Свет в конце аллеи - Борис Михайлович Носик
Генерал увидел Сашино лицо и запнулся, вдруг ему показалось, что он готов вспомнить нечто очень важное, каким-то образом связанное и с этим вот молодым человеком, и с молодым поколением вообще, точнее, с его стариковским долгом перед этим вот поколением, которое не застало уже ни угар нэпа, ни рубку коллективизации, ни голод индустриализации, ни славные классовые бои тысяча девятьсот семнадцатого дробь сорок седьмого года, когда они, все еще достаточно юные, настоящая хамса, нет, как же это — комса… да, что это он хотел припомнить?
Генерал помолчал еще с минуту и сказал растерянно:
— Да как сейчас помню…
И находчивый сержант бурно захлопал в президиуме, встал и подошел, чтобы увести на место всеми уважаемого директора, забрать дорогое (а также дорогооплачиваемое) и, в сущности, вполне безвредное тело — конечно, поживи с ихнее, поборись с врагами со всех сторон, с отзовистами наизнанку внутри — снаружи, не так ослабеешь…
Были и еще речи, многие похитрей, поопытней, а все же цели этого говорения были для Саши, да и для сержанта в президиуме, вполне прозрачные — то лизнуть лишний раз генерала в жопу, то прижать врага, то выцыганить лишний библиотечный день или выпросить пособие, припугнув местком жалобой, а то и просто — это даже чаще всего — показать себя, напомнить о себе, что я есть, существую, — так сказать, проявить активность, которую можно будет потом помянуть при случае (у каждого был такой случай припасен про запас).
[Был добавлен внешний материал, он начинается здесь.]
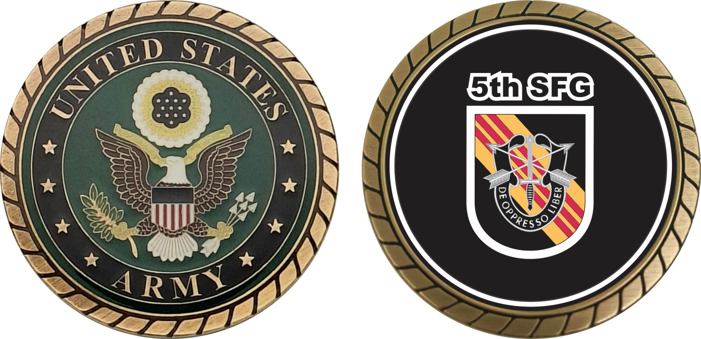 This 1 3/4” U.S. Army 5th Special Forces Group Vietnam Challenge Coin is proudly offered by Militarybest. This Officially Licensed Army coin has beautiful enamel finish on one side and an organized crisp clean design on the opposite side.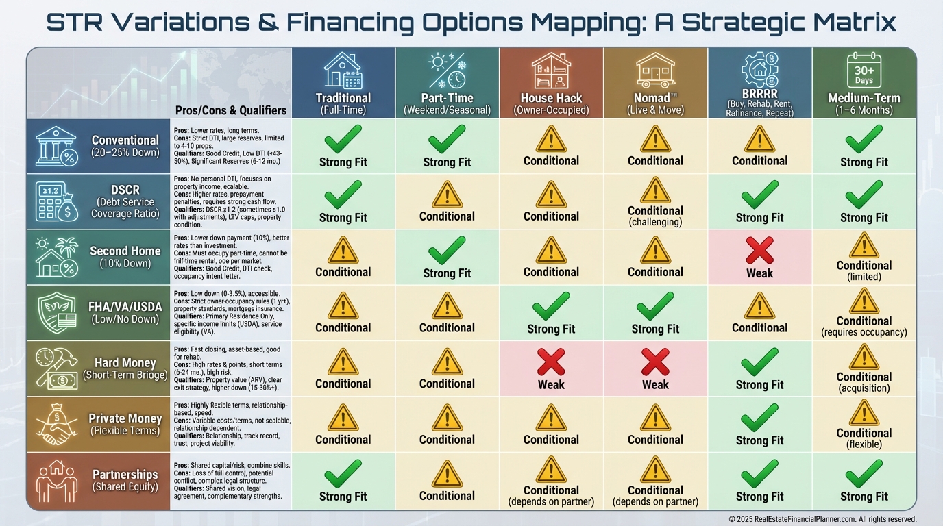 For BRRRR to STR, I often start with hard money, then refi to conventional or DSCR once stabilized.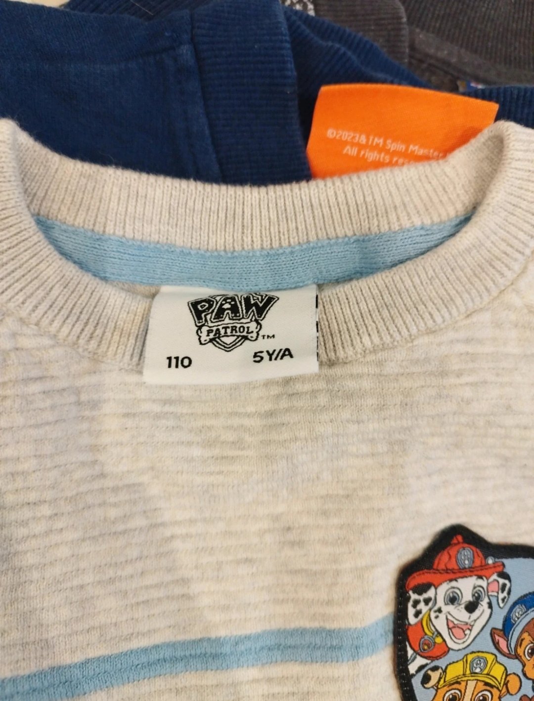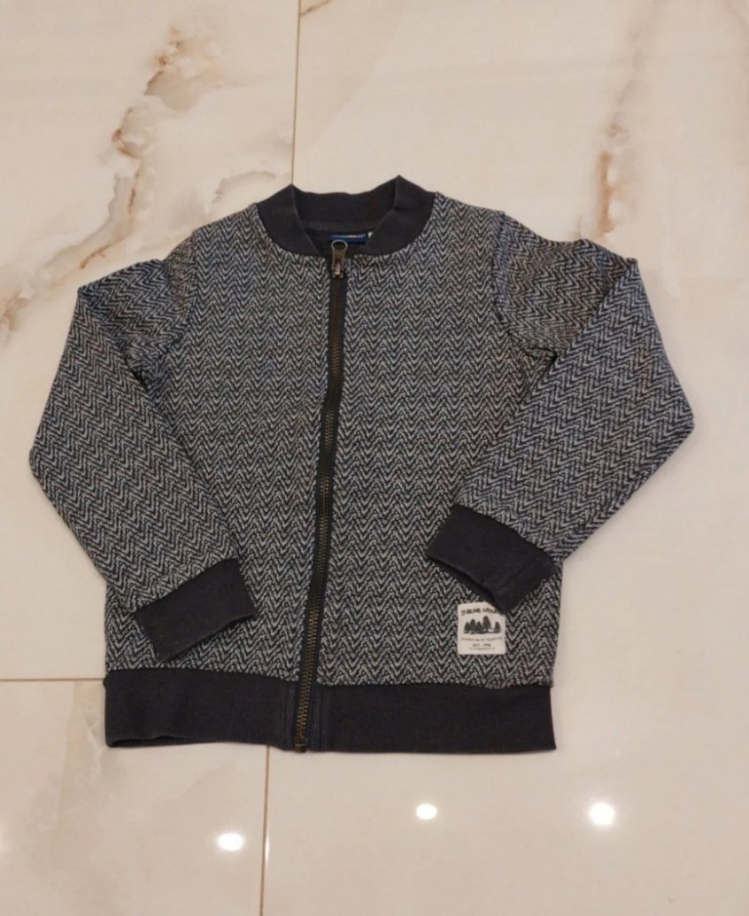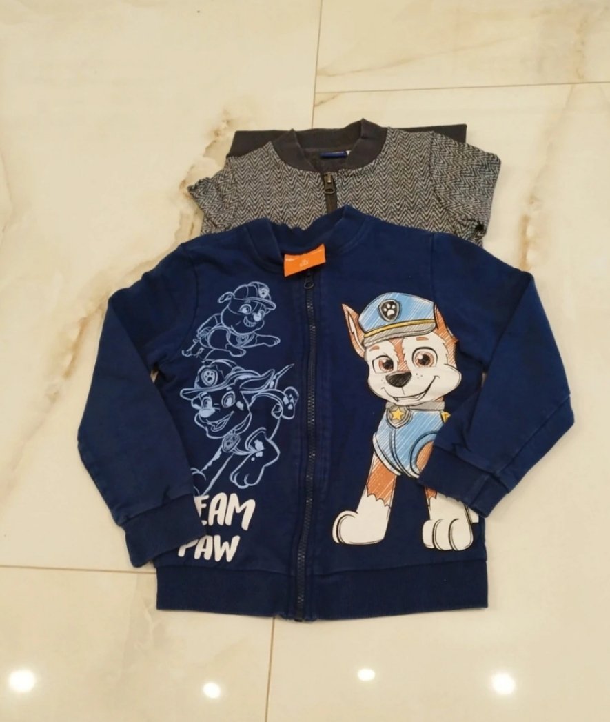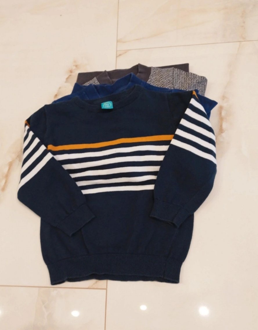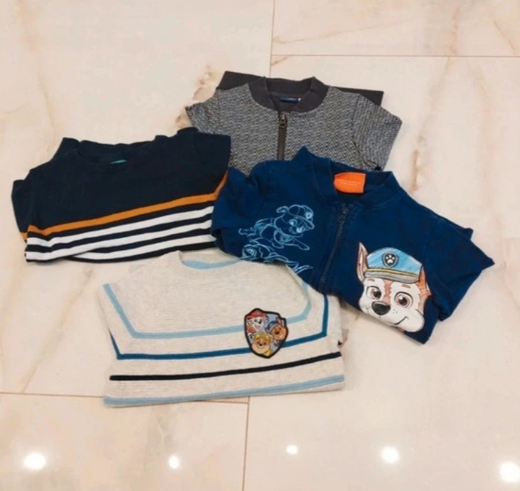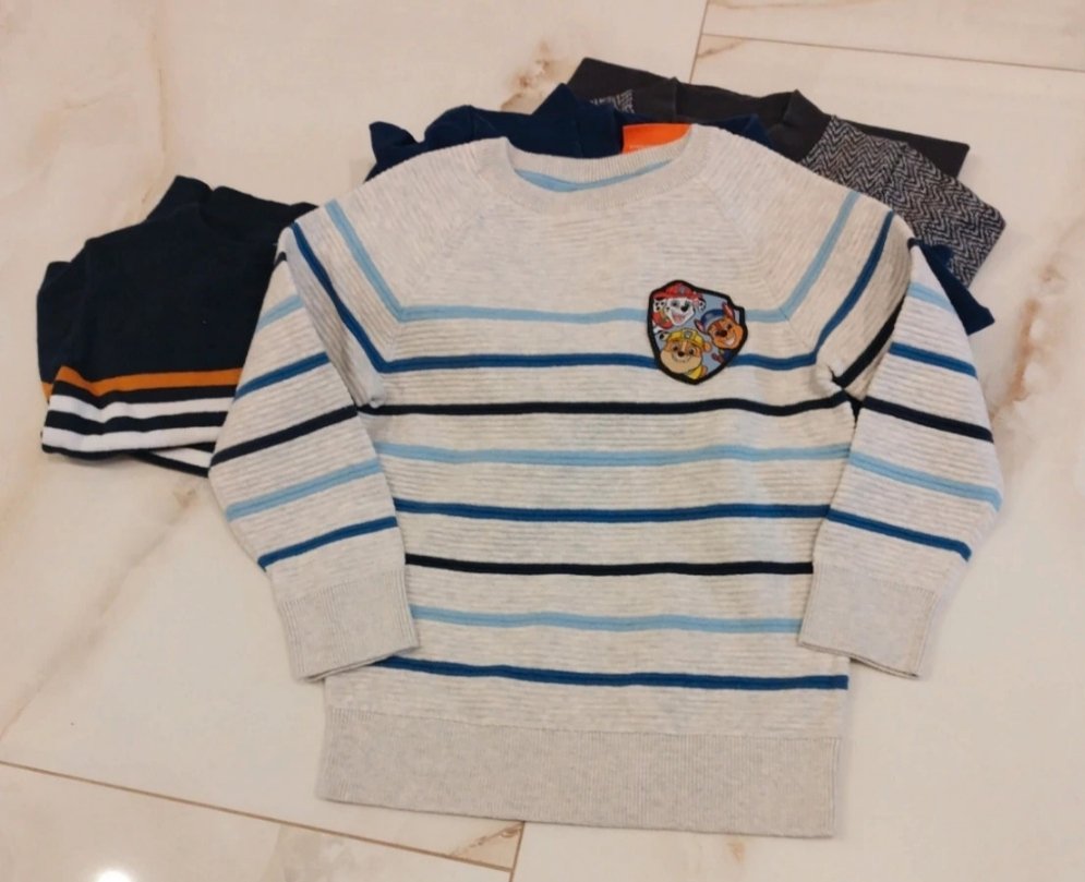 Chlapcenske mikiny 2x a svetriky 2x. Modra mikina nosena najviac. Pasikavy svetrik biely obleceny len 1x. Velkost 110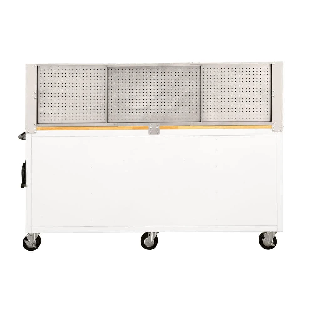 The Husky 72 in. 18-Drawer Mobile Workbench with Stainless Steel Pegboard included is a tool cabinet that combines the perfect blend of drawer storage capacity and functional work surface area for the tool enthusiast. It is constructed with heavier, 21-Gauge steel. This workbench is 24 in. D, which is 6 in. deeper than most standard rolling tool cabinets, providing more usable storage space that is strong enough to support 1,800 lbs. and has 33,545 cu. in. capacity. The 1 in. thick solid wood top is sealed with a protective polyurethane coating to protect it from the elements. The workstation is equipped with a power center with 6 outlets and 2 USB ports. Premium drawer liners are included to help keep tools from moving around. Each drawer is equipped with 100 lbs. rated soft closing ball bearing slides. The top long drawer and 3 bottom drawers are equipped, with double 100 lbs. drawer slides for increased weight capacity up to 200 lbs. which enables you to store heavier bulk items. This mobile work center has 6 large, 5 in. x 2 in. all swivel casters and a steel tubular side handle, which allow you to easily move around, even when fully loaded. The Mobile Work Center also has an internal keyed locking system, with 2 keys provided, for added security. The SS Pegboard has peg holes spaced 1 in. on center and accommodates most standard size 1/4 in. and 1/8 in. peg hooks and has 150 lbs. weight capacity.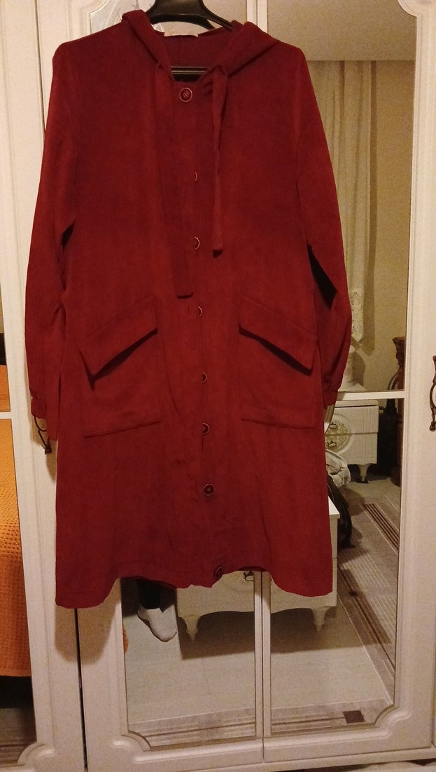 Bordo renkli süet kumaştan yapılmış, düğmeli, uzun kollu, bol kesim hamile kabanı. Notlu yaka ve desen içermeyen sade tasarımıyla günlük kullanım için uygundur.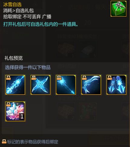 累计获胜90场后,即可获得冰雪自选礼包。打开后可随意选取一件冰雪武器或万年寒冰。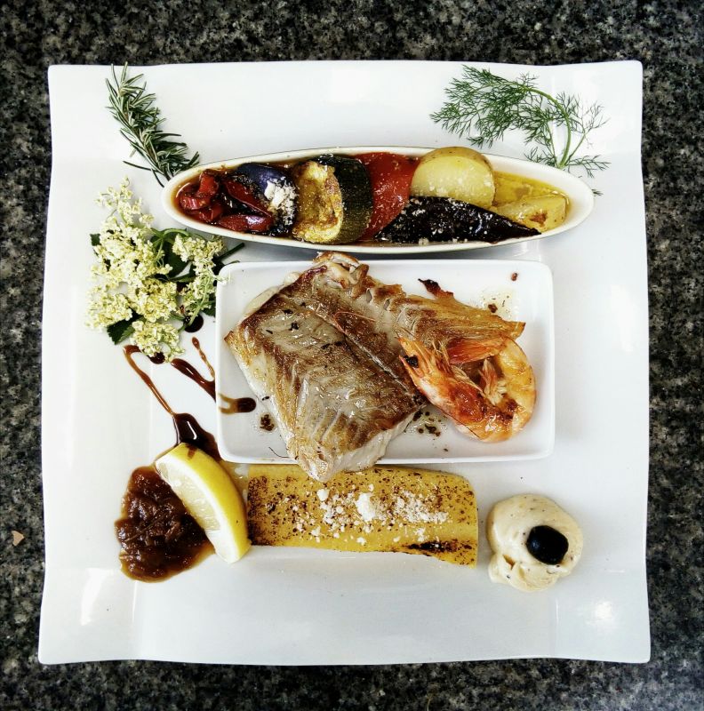 filet de lieu noir grillé à la plancha, caponata au four (aubergines, tomates, oignons, olives, câpres), rouille toulonnaise, polenta 21€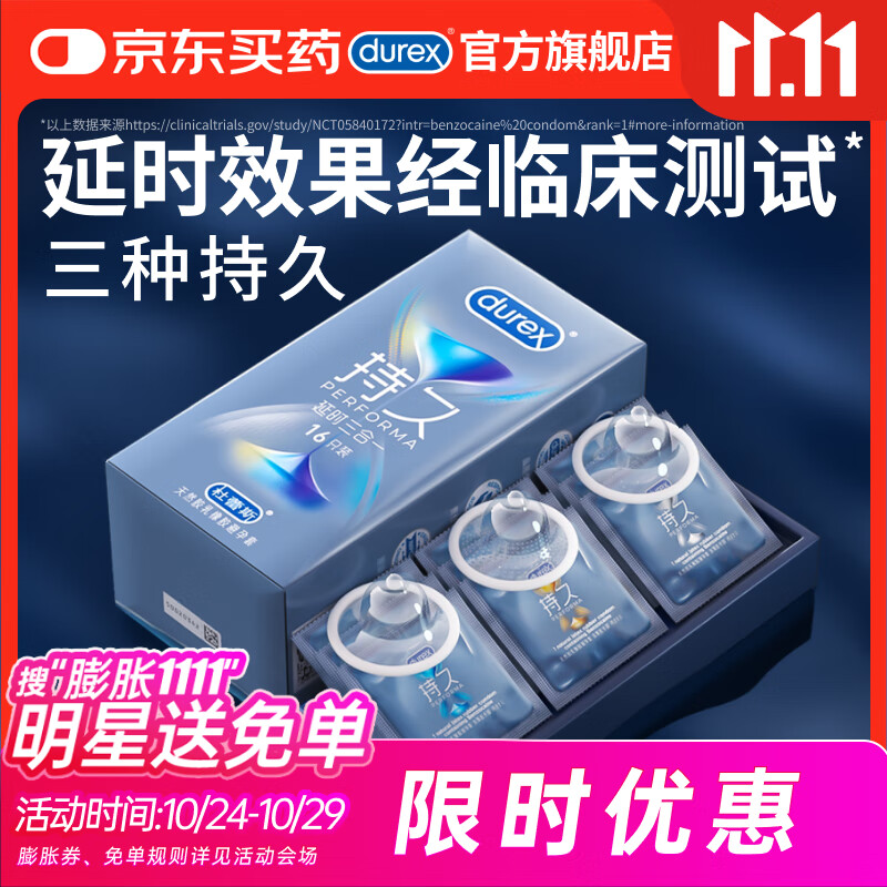 杜蕾斯(durex)延时避孕套延时男专用持久延时三合一16只安全套超薄防早泄敏感套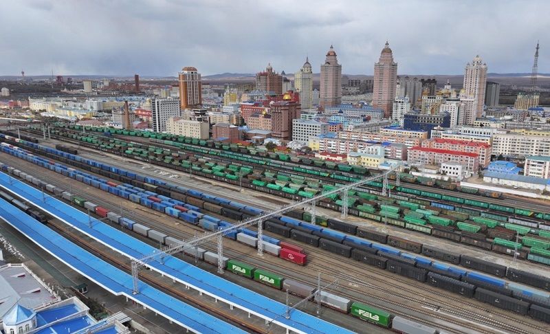 10月18日,在中國鐵路哈爾濱局集團(tuán)有限公司綏芬河站南場,滿載進(jìn)口貨物的列車等待解體換裝(無人機(jī)照片)。

Когда все это кончилось, Саша ушел не спеша один через парк, стряхивая с себя по дороге усталость и как бы грязь бесконечного говорения, словно прикасаясь на ходу к здоровой реальности дерев, осенних запахов, сырого темного неба. Он вдруг со страхом подумал, что и он будет когда-нибудь вот такой же старый, хитрый и говорливый, неужели будет, неужели такой же, нет, лучше уж умереть… Потом он подумал, что их веселое и безответственное говорение в литинститутскую пору, вся эта околоострогинская активность, вся их борьба (борьбой, борьбе, борьбу, о борьбе) за наших против не наших, угрозы прижать кого-то к ногтю, сбросить с корабля, показать кузькину мать — это была все та же нескончаемая рубка, все та же, хоть и в новой одежде, лихая комса, ком си ком са, как говорит Людка, где она сейчас, вертихвостка?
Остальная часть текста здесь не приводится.